Shadow mask type color picture tubes usually include a screen of red, green and blue-emitting phosphor lines or dots, an electron gun for exciting the screen, and a shadow mask interposed between the gun and the screen. The shadow mask is a thin multiapertured sheet of metal precisely disposed adjacent the screen so that the mask apertures are systematically related to the phosphor lines or dots.
Color picture tubes having shadow masks with slit shaped apertures have received relatively recent commercial acceptance. One of the reasons for this acceptance is that the electron beam transmission through the mask can be made higher for a slit-mask, line-screen type of tube than for a circular-apertured mask, dot-screen type tube. Even though the use of a slit mask provides a definite advantage in electron beam transmission, however, this transmission can be increased even further than is practiced in the present art.
In one type of slit shadow mask, the mask has vertically extending slit apertures which are interrupted by a plurality of spaced bridges or webs which provide mechanical rigidity. The presence of these webs, however, has an effect on electron beam transmission and thus on luminescent brightness.
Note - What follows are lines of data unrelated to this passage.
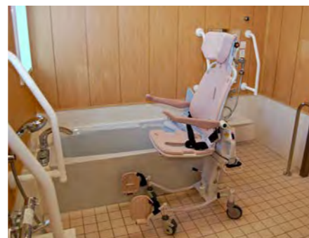
浴室一例 入浴リフト付シャワーキャリー完備。
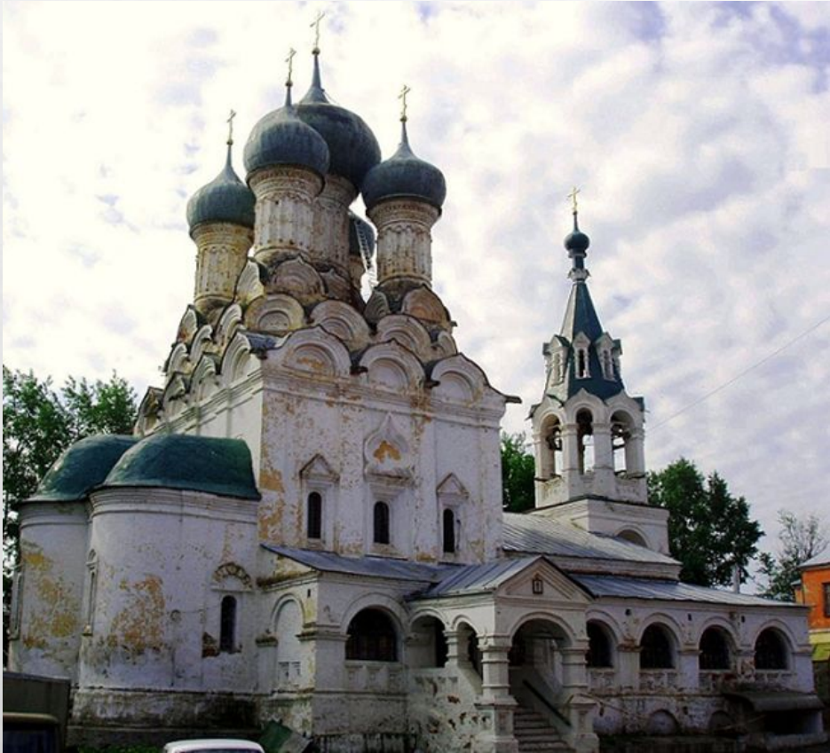
Старообрядческая церковь Успения Богородицы, г. Владимир (современно состояние)
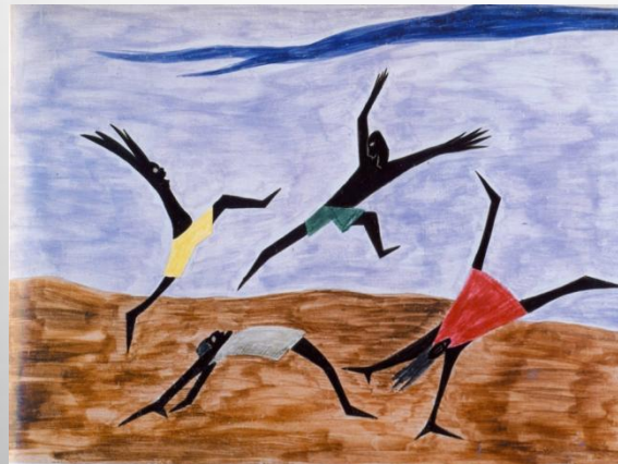
"The life of Harriet Tubman", Jacob Lawrence

Η στάση των εκπαιδευτικών για την αξιοποίηση της αισθητικής εμπειρίας στην εκπαιδευτική διαδικασία, μεταστράφηκε στο θετικότερο μετά την παρέμβαση, καθώς 16 άτομα είχαν πολύ θετική άποψη, έναντι 4 ατόμων πριν από την παρέμβαση, ενώ κανένας επιφυλακτική ή ουδέτερη στάση, σε αντίθεση με 3 άτομα πριν από την παρέμβαση.
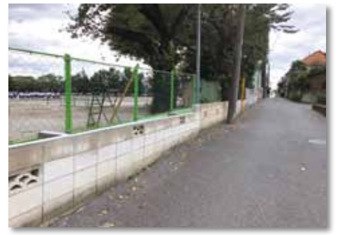
鳩ヶ谷中学校のブロック塀は危険部分の撤去を完了

一方、通学路に面した「危険ブロック塀」の所有者に対し、撤去及びフェンス等の設置工事費の一部を補助する「川口市既存ブロック塀等安全対策補助事業」関連補正予算が、12月議会において可決され、平成31年1月1日から実施されることになりました。
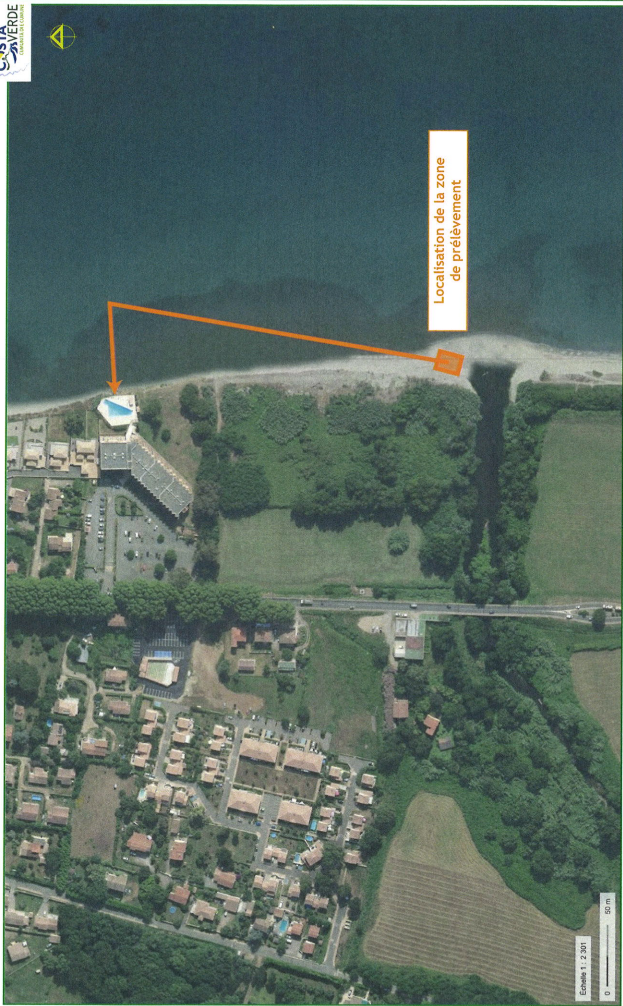
Figure n ° 4 : Localisation précise de la zone de prélèvement de sable
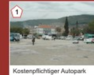
1 Kostenpflichtiger Autopark
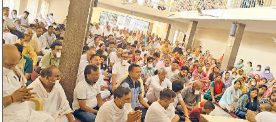
फतेहाबाद। एसएस जैन सभा में आयोजित कार्यक्रम में उपस्थित श्रद्धालुगण।

Such effect is greatest at the four corners of the mask, because the angles between the electron beams and a normal to the mask are greatest at the corners. With these greater angles, the electron beams strike not only the surfaces of the webs but also portions of the webs that form the ends of the slit apertures. Therefore, it is desirable to develop a mask fabrication technique which will produce a shadow mask wherein the parts of the electron beams striking the portions of the webs that form the ends of the slit apertures will be reduced or eliminated.
Shadow masks are fabricated from rolls of metal sheets, utilizing a photographic method. Such fabrication is disclosed in e.g., U.S. Pat. No. 2,750,524, issued to F. G. Braham on June 12, 1956; U.S. Pat. No. 3,199,430, issued to S. A. Brown on Aug. 10, 1965; U.S. Pat. No. 3,313,225, issued to N. B. Mears on Apr. 11, 1967; and U.S. Pat. No. 3,751,250, issued to J. J. Moscony et al. on Aug. 7, 1973. These patents are hereby incorporated by reference for the purpose of their disclosures of mask fabrication methods and related equipment.
The first step in the fabrication is to coat both sides of the metal sheet with a photosensitive material. Thereafter, the sides are photoexposed through two aligned photographic masters. Each photographic master has an array of elements corresponding to the apertures desired in the shadow mask. The elements of one master are larger than the elements of the other master so that the resultant mask apertures have larger openings facing the tube screen than facing the electron gun. Following exposure, the photosensitive material on the metal sheet is developed, and the photosensitive material at the areas corresponding to aperture locations is removed, thus exposing the metal sheet at these locations. Next, the metal sheet is etched to form apertures therethrough at the exposed locations. To obtain a desired aperture shape and a corresponding web shape, it is necessary to appropriately shape the pattern elements and position the corresponding elements of the two photographic masters.